Not a competition, still feels like losing
It's been a while since I wrote. I discovered my husband Charlie's year-long affair with our closest friend, Juliet in January of last year. Charlie, Juliet, and Juliet's husband, Kilo all regretted hiding the affair from me, but insisted that a life in love and joy together was possible with poly. I'm mono, Charlie and Juliet are committed both to their spouses and each other as "also-spouses", and Kilo sees another woman the rest of us have never met.

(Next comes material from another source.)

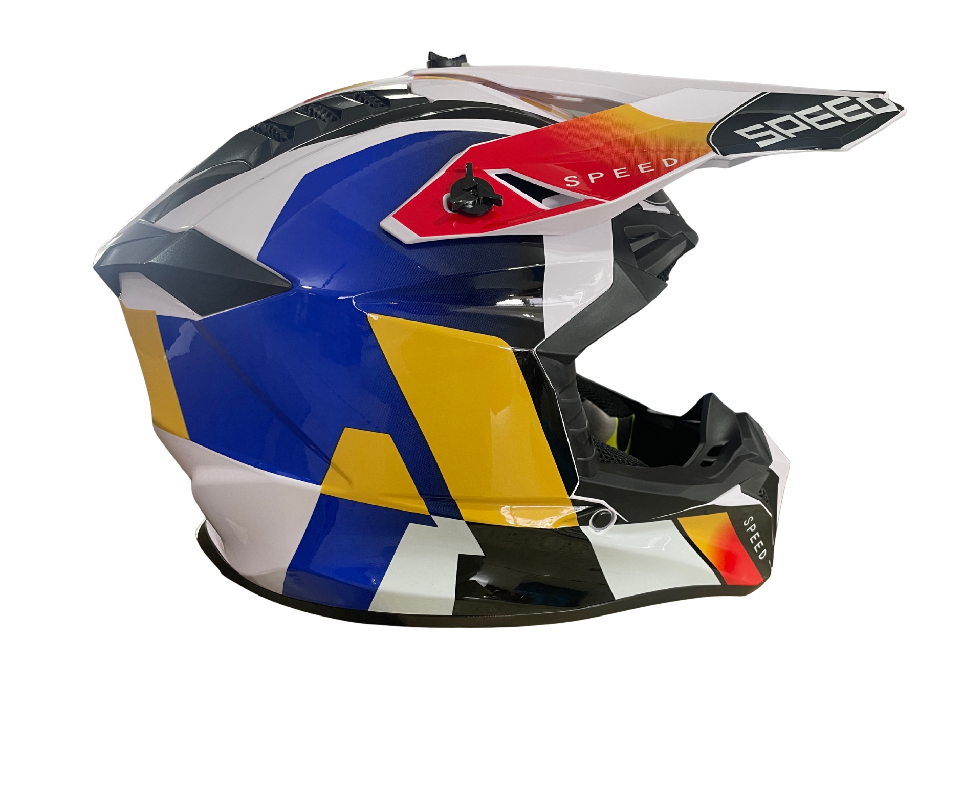 Моделът е с агресивен спортен дизайн в бяло с жълто-сини графики, които осигуряват отлична визия и добра видимост.

That's the landscape. It hasn't worked that well. When I think of the past, the knowledge of everything they did behind my back makes me feel like dirt. When I look ahead, the fear of being cut out again is overwhelming. In the present, things are good... for me. Charlie hardly sees Juliet at all because of the stress it causes me. He tries to make me feel loved and secure. It feels good, and it's not hard to believe that I can trust him again, in the moments of togetherness. But he and Juliet aren't happy with such limited interactions as they have.

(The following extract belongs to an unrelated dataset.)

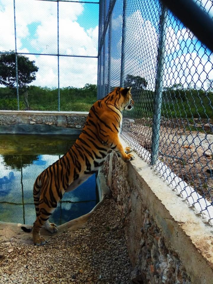 Mérida, Yucatán, 08 de agosto de 2018.- La Procuraduría Federal de Protección al Ambiente (PROFEPA) aseguró dos ejemplares de tigre de bengala (Panthera tigris) que se encontraban en el Rancho Santa María, ubicado en el municipio de Baca, del estado de Yucatán, al no acreditarse su legal procedencia, entre otras irregularidades.

And then, the moment he steps out the door to see her, the moment I see him writing to her, I start spiraling down. He probably has more fun with her. She's much sexier than I am. They share more exciting activities. Being with her is more rewarding. As soon as he turns away from me, all the reasons he chose her over me in the affair fill my head.
Charlie and Juliet are working to restore their relationship in the wake of my struggle with depression over the last year. I know I'm supposed to be happy for the joy they give each other, but I find I'm sad for myself more than anything else. He scarcely has any free time as it is, and he's told me he wants to spent a full day every week with her. I tell him how lonely this makes me feel, and he says I'm disappointing him. After all he's done to try to prove himself to me over the last year, all he's sacrificed, I know it frustrates him that I still don't experience compersion.

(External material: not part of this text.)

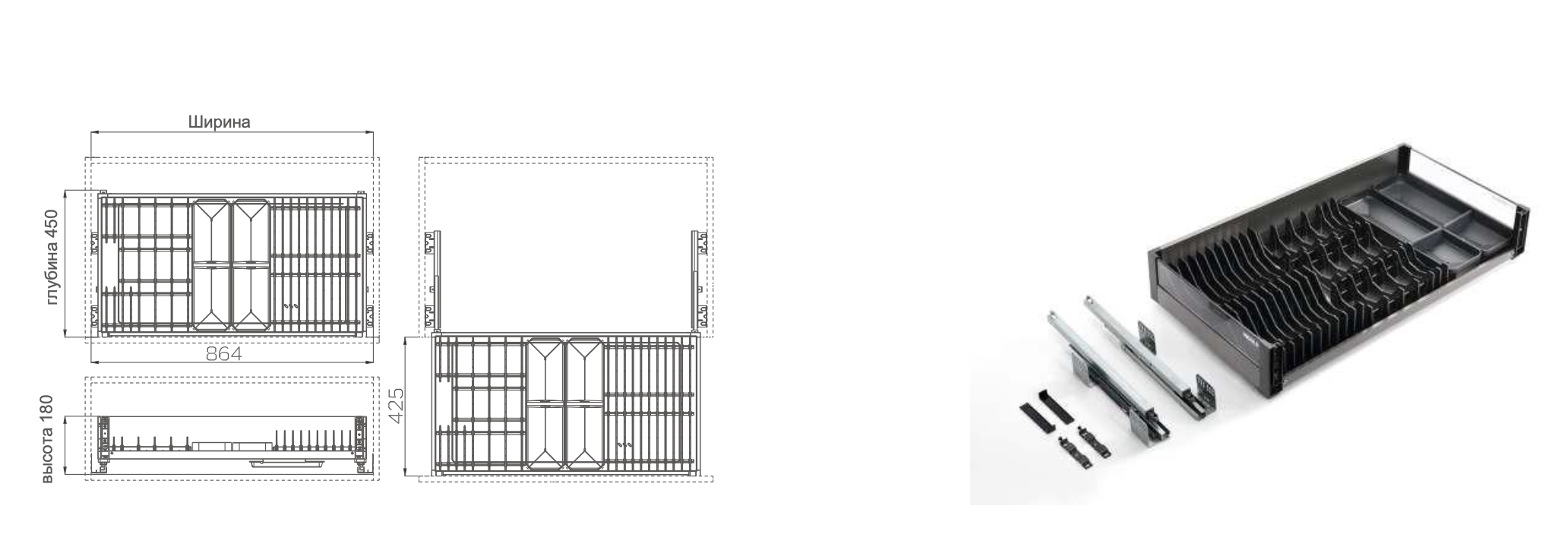 Благодаря инновационной многоуровневой конструкции для хранения с выдвижными ящиками и гибкими регулируемыми перегородками свободное пространство над выдвижным ящиком может быть освобождено для использования, так что неиспользуемое пространство может быть использовано для более креативного хранения, а выдвижной ящик может быть всесторонне усовершенствован.

The importance of being with her for him is seems so enormous that I feel insignificant. I fear that when I need him or want to share with him, he won't be there. When things are tough, he'll go to her, where it's easier. I've heard and read so many times that poly isn't a competition, but I can't shake the feeling of loss. I need to let go of some of my treasured time and closeness with Charlie in order to give him greater happiness. What will the result be? Will we drift apart as we did in the affair? Will I be relegated to the roles I'm good at - intellectual, organizer, familiar friend - while she takes over the things I long to be valued as - lover, spiritualist, adventurer?
"What will be, will be," I try to teach myself. I can't protect against the possibility that every one of my fears will come true. I have to acknowledge that back before all of this, when I had no doubts at all about my husband's love and my roles in his life, I was really no safer than I am now. I try to be brave, accept my losses with grace, accept the groundlessness and impermanence of being in this relationship. If he is truly happy with me, he will try to be there with me, even for the hard parts. And if he's not, he won't, and I may as well let it go.
And what shoulder, & what art.
Could twist the sinews of thy heart?